Wednesday, September 25, 2013

#Lab13 Pensions and Capital Stewardship


This is the speech I made on Monday afternoon

Conference, now for something a little different. For most of us the world of pensions and investments is baffling and obscure. We pay our money in – we hope it’s there when we need it in our retirement.

But the financial crisis showed that not knowing, and just hoping for the best, isn’t good enough.

We have to know more, and we have to be able to trust the people who are looking after our money to be sure that we have a secure future.

That’s a bit of a leap of faith for most of us!

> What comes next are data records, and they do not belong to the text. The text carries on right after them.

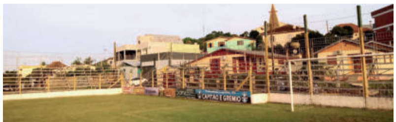
Estrutura do 7 de Setembro preparada para receber 2 mil torcedores em arquibancadas móveis
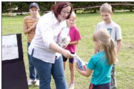
Odvzdávanie darčiekov malým umelcom
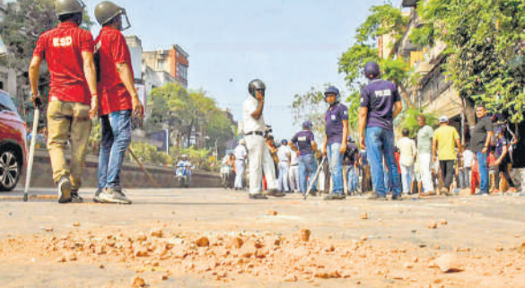
मध्य कोलकाता में शनिवार को प्रधानमंत्री मोदी की रैली के पूर्व भाजपा और तृणमूल कांग्रेस कार्यकर्ताओं के बीच झड़प के बाद सड़क पर बिखरी ईंटें और मौजूद पुलिस।

●मंत्री के घर पर भी पथराव, भाजपा नेता व एक पुलिस अफसर घायल कोलकाता, एजेंसी मध्य कोलकाता में शनिवार को प्रधानमंत्री नरेन्द्र मोदी की रैली से करीब आधा घंटा पहले तृणमूल कांग्रेस (टीएमसी) और भारतीय जनता पार्टी के समर्थकों के बीच झड़प हुई, जिसमें एक पुलिस अधिकारी और भाजपा के एक नेता घायल हो गए। झड़प के बीच, यह आरोप भी सामने आया कि गिरिश पार्क इलाके में पश्चिम बंगाल की मंत्री शशि पांजा के आवास पर पथराव किया गया। यह झड़प रैली स्थल से लगभग पांच किलोमीटर दूर उस समय हुई जब भाजपा समर्थक प्रधानमंत्री की रैली में शामिल होने
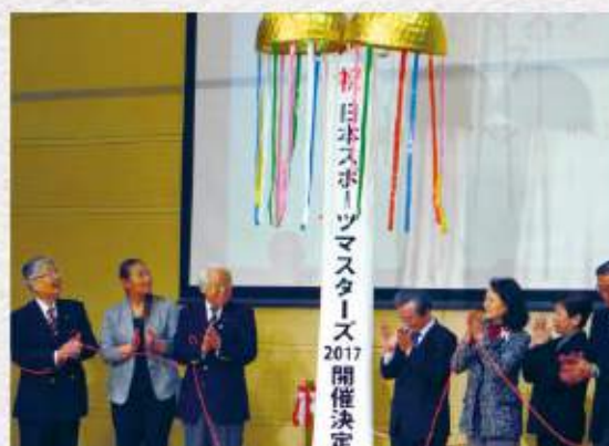
井戸兵庫県知事と競技団体関係者による「2017兵庫大会」決定の祝賀、クス玉割り!!
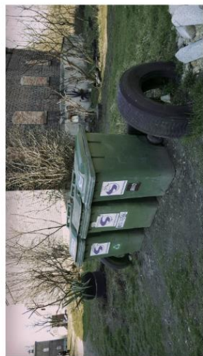
Niska estetyka miejsc składowania odpadów.
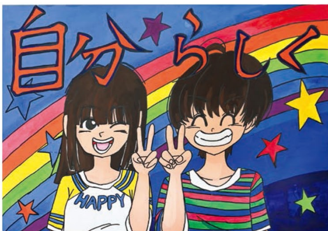
●西小学校6年● 亀井 芽依
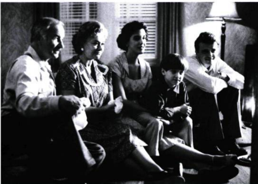
Armin Mueller-Stahl, Joan Plowright, Elisabeth Perkins, Elijah Wood et Aidan Quinn, Avalon
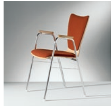
Modell 2030-1, mit Armauflagen Schichtholz, Sitzschale mit Sitz- und Rückenpolster
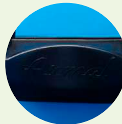
Porta papel higiénico
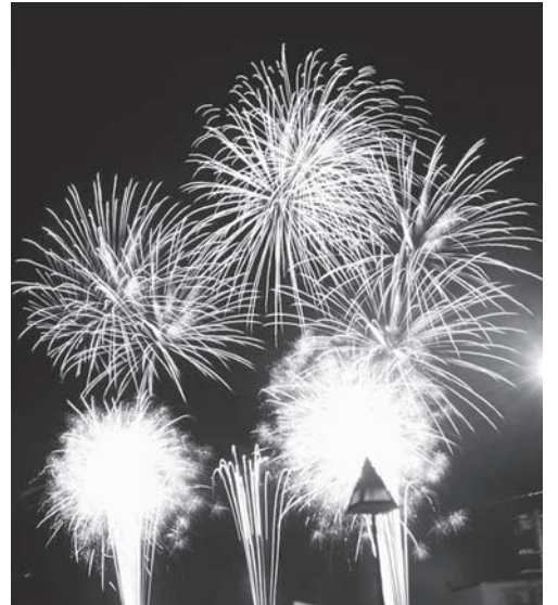
およそ3500発の花火が鹿部の夜空を彩りました。
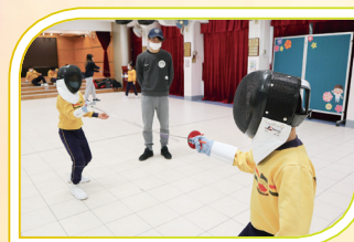
同學正進行劍擊活動，真刺激！
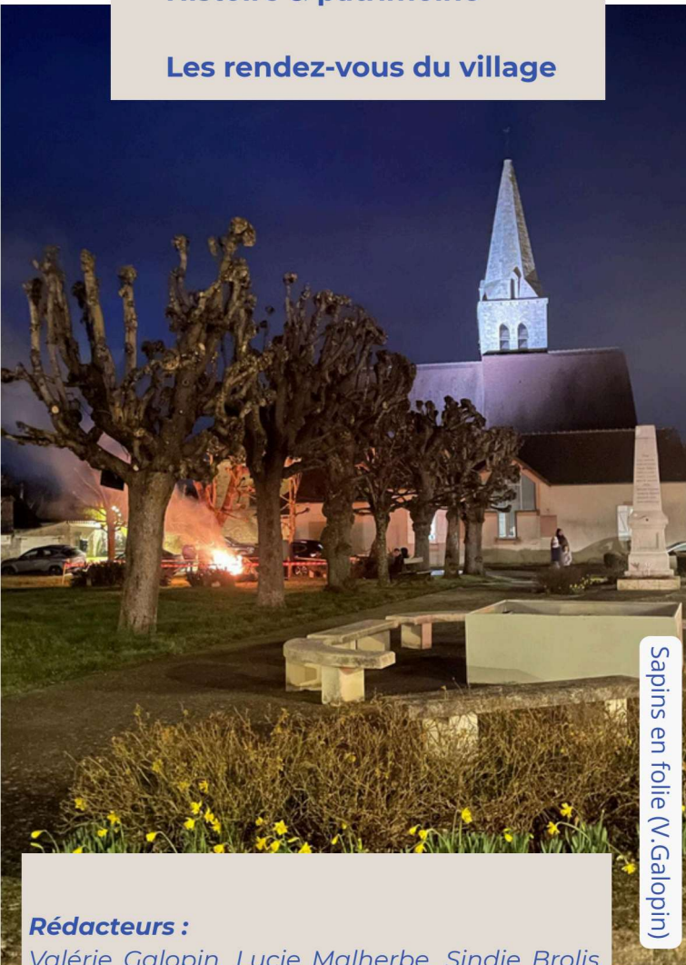
Sapins en folie
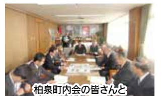
柏泉町内会の皆さんと
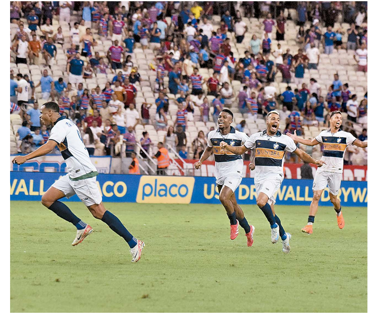
Retrô faz bonito no Castelão e se torna único time pernambucano vivo na Copa do Brasil

Enquanto o Retrô voltou para o segundo tempo com Fialho na vaga de Maycon Douglas, o Fortaleza manteve a formação inicial, mas mudou a postura. Passou a rondar mais a zaga da Fênix e aca-
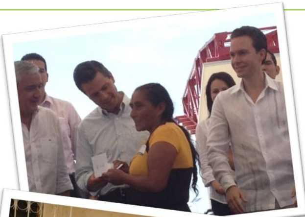
Presentación del Programa de la Frontera Sur en Catazajá
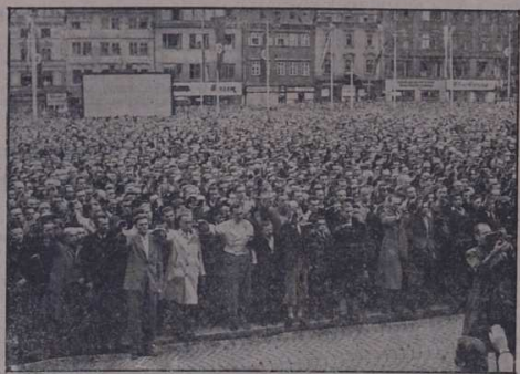
Na Hlavním náměstí v Plzni se konala v úterý odpovečně mohutná manifestace všech pracujících vratech českého lidu z Plzně a celého plzeňského kraje, na níž měl významný projev ministr lidové osvěty Emanuel Moravec. Ověřte: Českos. ČTK.

Jak již bylo oznámeno zvláštní zprávou, zasadily svazky německého letectva a jednotky německého válečného námořnictva v součinnosti s italskými letectvy a námořními obrannými silami těžké srážky britskému válečnému letectvu a námořnímu zásobovací loďné dopravě ve Středozemním moři. V době od 13. do 15. června byly ze silně zajištěných britských konvojů potopeny německými letectvy a námořními obrannými silami čtyři křižníky a torpedoborce, dva strážní lodě a šest obchodních lodí celkem o 56.000 brt. Kromě toho byl jeden torpedoborec a osm obchodních lodí zasaženo torpedy a zapáleno nebo tak vážně poškozeno, že jest počítat s jejich ztrátou.
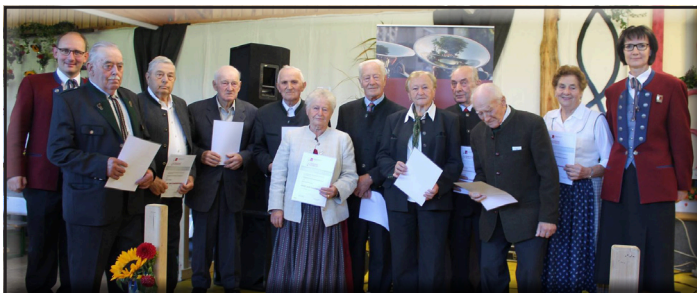
Überreichung einer Anerkennungsurkunde mehr als 50 Jahre bzw. für 60 Jahre Vereinsmitgliedschaft

Somit kein Wunder, dass wir uns über ein gelungenes Jubiläumsfest freuen. Herzlichen Dank für den zahlreichen Besuch und die großartige ehrenamtliche Unterstützung aller HelferInnen, die so ein Fest erst ermöglichen.
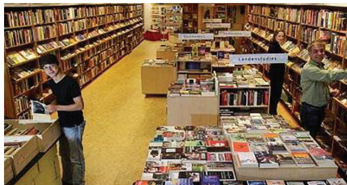
Boekhandel de Rooie Rat aan de Oudegracht

In de lente van 1999 is de Rooie Rat grondig verbouwd en gemoderniseerd. Een aparte afdeling antiquariaat werd aan de boekhandel toegevoegd. Vanaf 2000 tot op heden vinden er bovendien regelmatig lezingen en leesgroepen plaats in de Rooie Rat. Doelstelling van de lezingen is het leveren van een bijdrage aan het links-politieke debat in Utrecht en elders. Zo waren er onder andere lezingen over de boeken 'Empire' van Negri en Hardt en 'De esthetica van het Verzet' van Weiss, Adorno, de wereld na de 11e september, de geschiedenis van 1 mei en de vakbeweging, en de leesgroepen en discussies georganiseerd door Kritische Studenten Utrecht (KSU).

Which is why I’m so pleased that I’m part of an organisation that is doing the detailed work on my behalf.

It’s called a trade union – and everyone should be part of one!

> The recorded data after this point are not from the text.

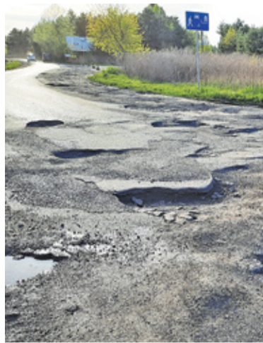
Na odcinku od ul. Głowackiego do pierwszych zabudowań ma obowiązywać ograniczenie prędkości do 10 km/h
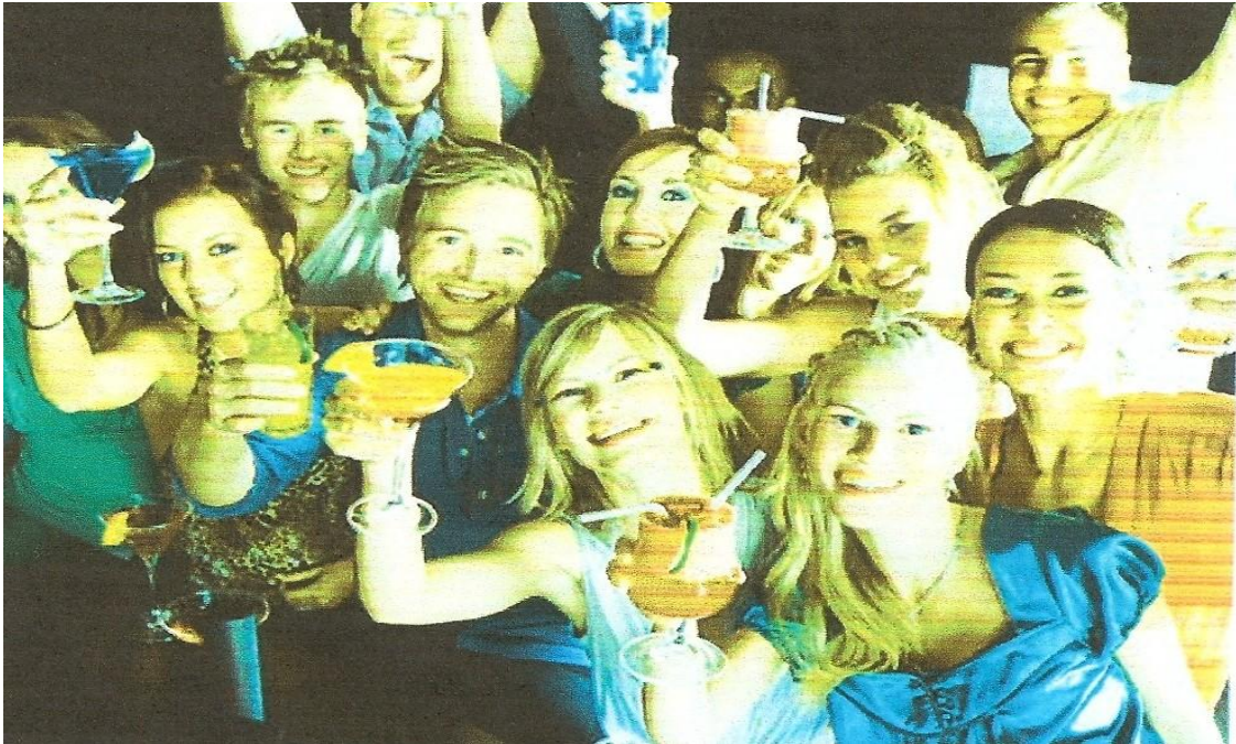
Figura 7 Imagem representando uma festa

No sétimo texto, foi apresentada à turma uma foto de uma festa, como segue abaixo, para que eles formulassem problemas:
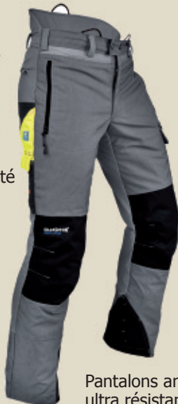
Pantalons anti-coupures ultra résistants et confortables
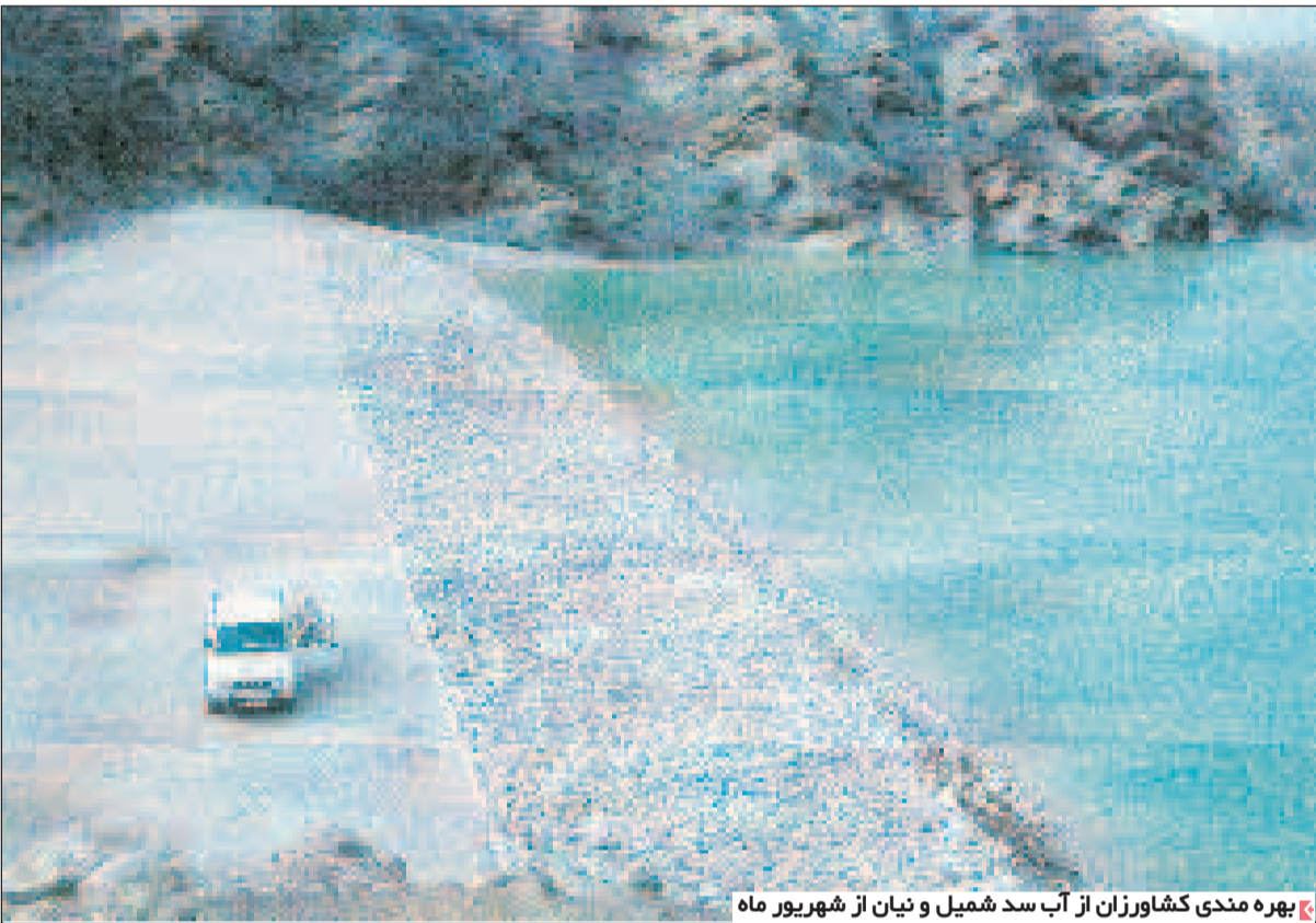
بهره مندی کشاورزان از آب سد شمیل و نیان از شهریور ماه
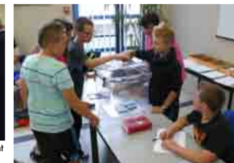
Le vote, sous l'œil attentif du président de bureau et de ses assesseurs.

My union, UNISON, has been looking closely at what happens to our pensions.  It's complicated stuff.  But put simply, the largest 10 pension funds in the world are the savings of Public Service workers. If the UK's local government pension scheme's assets were put together, it would rank as the 4th largest pension fund in the world, at around £150 billion.

But what control over it do we have? In the past, not a lot!

UNISON has been arguing that workers must be represented – and we’re winning the argument. Half the seats on the Local Government Pension Scheme fund boards in England and Wales are now reserved for scheme members. But they need support. So UNISON has been developing a comprehensive Capital Stewardship programme - the first of it’s kind for a trade union in the UK. To make sure that representatives can carry out their vital role properly.

And we’ve been doing detailed research. It shows that by structuring the funds properly, by getting efficiencies of scale and cutting the multiple fees charged, the returns for members can be massively improved, and crucial conflicts of interest removed.

For too long, our hard-earned funds have been managed in the interests of those who run the system – not the workers who created the value in the first place. That in turn leads to runaway executive pay; lack of diversity on executive boards; the squeeze on workers pay and pensions.

And of course, how ironic it is that our savings have been used to buy the treasury bonds used to bail out the banking sector. We should be the owners but our ownership was in the hands of the very organisations responsible for the economic crisis!

So we have a great opportunity – to use the wealth that is already in our hands to help reshape society.
To safeguard the hard-earned pensions of working people – but to do even more than that – to reshape the very way our economy operates.

Conference, the Tories always say there isn’t the money – what a whopper! The money’s there, it’s ours – let’s use it for our benefit – not theirs!"